The borrowing and lending mechanism is the fuel of an economy — without it, there is always a crisis, the common feature of Japan in the 1990s, Britain in the 1970s and the United States in the 1930s. The current crisis has interrupted the mechanism once more. The banks need only the arithmetic to fall into place, and they will be up for any future excess which seems momentarily profitable. But the battleground is in the land of the herbivores. They enjoyed none of the rich pickings from the carnivore's feast, and are now aware of how much they stand to lose now it is over.
To revert to our other metaphor, the architects of the cathedral domes sit at home thinking up new structures, while the faithful find that even as they were at prayer, the very fabric of the building was a threat to them. The message they have received is an alarming one: don't go anywhere near it. There are plenty of other safe havens; the financial system may need them to return to funding a leveraged boom, but there is a real question mark as to whether they will.

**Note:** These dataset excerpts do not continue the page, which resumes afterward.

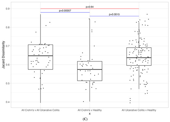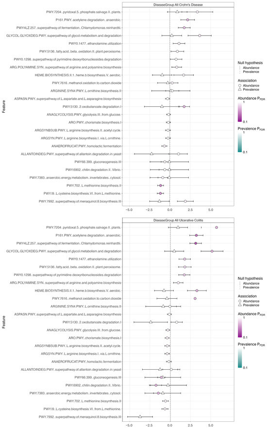 - Lloyd-Price, J.; Arze, C.; Ananthakrishnan, A.N.; Schirmer, M.; Avila-Pacheco, J.; Poon, T.W.; Andrews, E.; Ajami, N.J.; Bonham, K.S.; Brislawn, C.J.; et al. Multi-omics of the gut microbial ecosystem in inflammatory bowel diseases. Nature 2019, 569, 655–662. [Google Scholar] [CrossRef]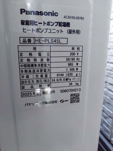 安中市中宿 パナソニック家庭用ヒートポンプ給湯機 ヒートポンプユニットHE-PLS45L エコキュート交換工事|群馬県のエコキュート専門交換工事店|群馬エコキュート交換ショップ補助金対応可能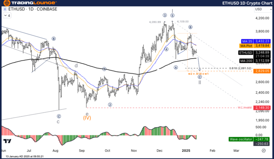 Ethereum/ U.S. dollar (ETHUSD) Trading Strategy: ETH is likely heading toward the $2,891–$2,829 support zone to complete its Wave II correction. A reversal in this area would indicate the start of Wave III and a resumption of the bullish trend.

The answer to this is not to be found in economic theories, or bold pronouncements by central bankers or hedge-fund managers. It is to be found deep within human nature itself. We have come to the end of an extraordinary period of expansion of leverage, and when we look back on it, it could well prove that August was the decisive month when the mechanism broke — although, here in November, the full consequences of that rupture are not yet apparent.